When I try to integrate $(1-x)^2$ I get $\dfrac13(1 - x)^3$. However, when I try this integral on an online integration portal they all give me $\dfrac13(x - 1)^3$ instead. Can someone please explain why my computation is wrong?
What confuses me here is the negation. Creating the first derivative from the result would produce $(x-1)^2$, which is not the same as what I began with.
On
Substitute $u=1-x$ so $du=-dx$ and$$\int(1-x)^2dx=-\int u^2du=-\frac13(1-x)^3+C=\frac13(x-1)^3+C.$$Or if you prefer, substitute $v=x-1$ so $dv=dx$ and$$\int(1-x)^2dx=\int(x-1)^2dx=\int v^2dv=\frac13v^3+C=\frac13(x-1)^3+C.$$More generally, if $w=ax+b$ then $dw=adx$ and $dx=\frac{dw}{a}$, so$$\int(ax+b)^2dx=\int\frac1aw^2dw=\frac{1}{3a}w^3+C=\frac{1}{3a}(ax+b)^3+C.$$
On
If $F$ is an antiderivative of $f$ and $a\neq0$, then an antiderivative of $f(ax)$ will be $\frac1aF(ax)$, and not simply $F(ax)$ (if you differentiate this last function, what you get is $aF(ax)$).
In particular (taking $a=-1$), an antiderivative of $f(-x)$ is $\frac1{-1}F(-x)=-F(-x)$.
Now, apply this to $f(x)=(1+x)^2$ and $F(x)=\frac13(1+x)^3$.
On
What confuses me here is the negation. Creating the first derivative from the result would produce $(x-1)^2$, which is not the same as what I began with.

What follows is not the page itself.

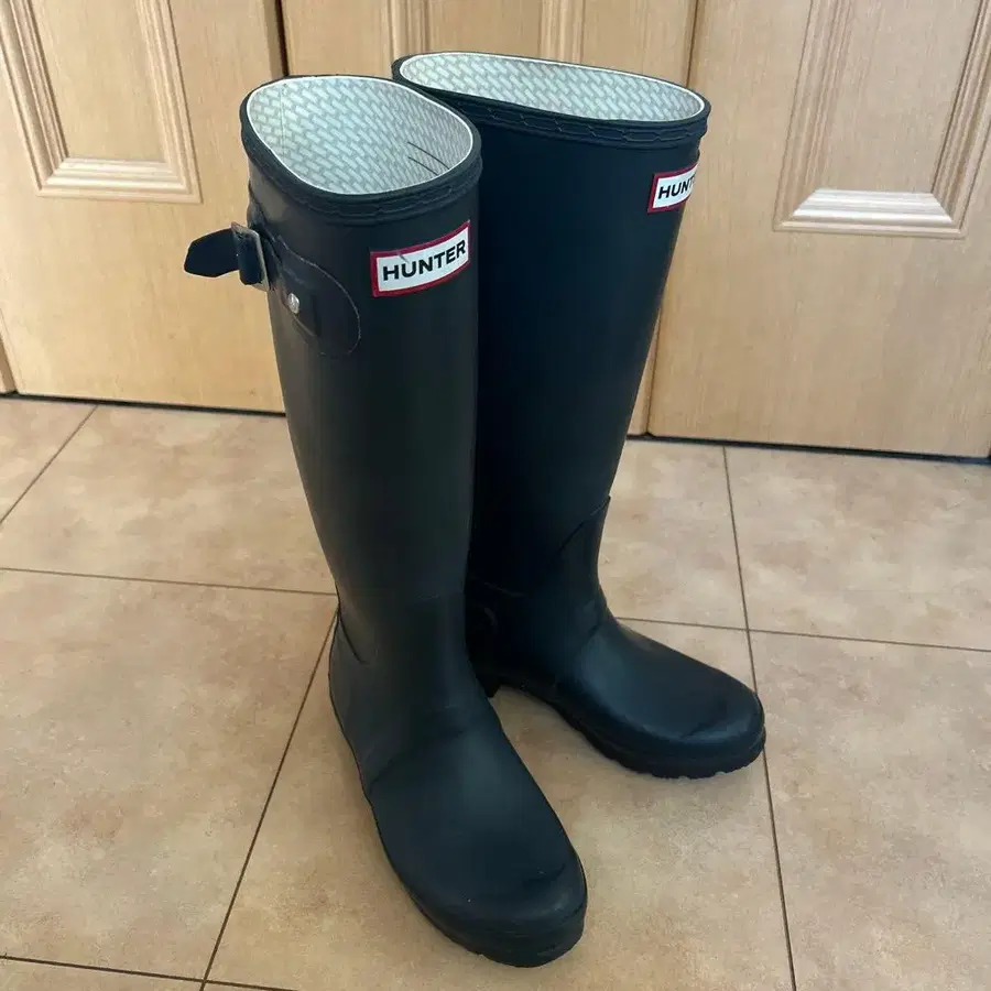 내구성 있는 러버 소재의 블랙 장화, 버클 포함. - 브랜드: HUNTER - 색상: 블랙 - 스타일: 장화 - 특징: 버클 포함 - 밑창: 러버 솔 방문해 주셔서 감사합니다. 사이즈 - 22cm
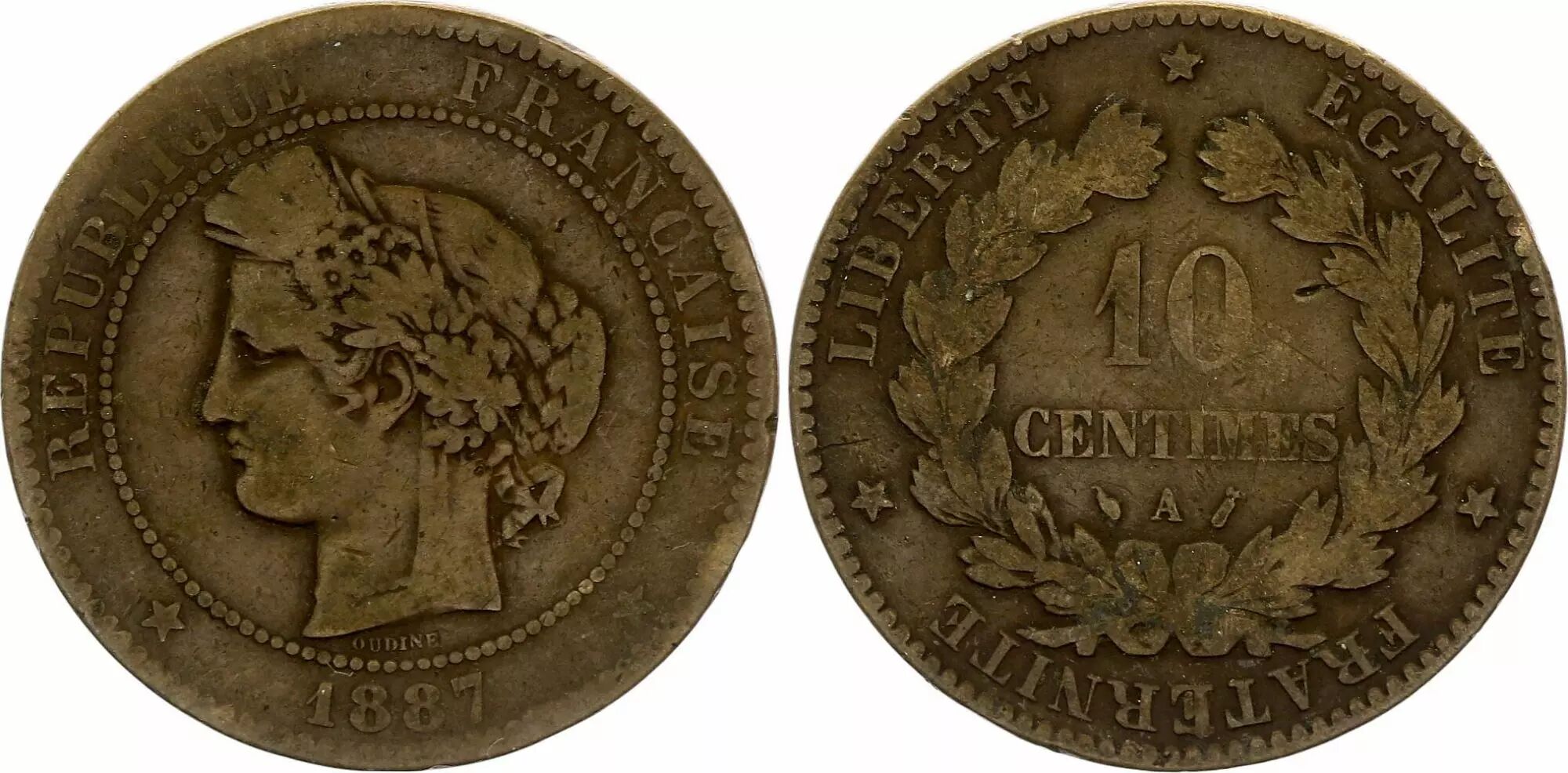 Pièce France 10 Centimes Cérès - Troisième République - 1887 A Paris

Actually, it is the same. Remember that the square of an expression is the same as the square of its negative: $a^2 \equiv (-a)^2$. So $(x-1)^2 \equiv (1-x)^2$.
If you differentiate your original answer, $\frac{1}{3}(1-x)^3$, you'll get $-(1-x)^2$. This is because of the chain rule; you differentiate the expression as if with respect to the inner function $1 - x$, then multiply by the derivative of this inner function, $-1$.
However, we can use this 'guess' to find the true answer. Write what we know:
$$\frac{d}{dx}(\frac{1}{3}(1-x)^3) = -(1-x)^2 $$
Applying linearity of derivatives we can move the negative to the other side:
$$\frac{d}{dx}(-\frac{1}{3}(1-x)^3) = (1-x)^2$$
Which of course implies that:
$$\int (1-x)^2 \, dx = -\frac{1}{3}(1-x)^3 +C = \frac{1}{3}(x-1)^3 + C$$
If you can think about integration like this in your head, it's a lot faster than $u$-substitution for simple functions.
On integrating $(1-x)^2$ you get,
$$\int{(1-x)^2 dx} = - \frac{1}{3} (1-x)^3 $$
Which is equal to $\frac{1}{3} (x-1)^3$.
You missed the negative sign after integrating your expression!
Hope it helped!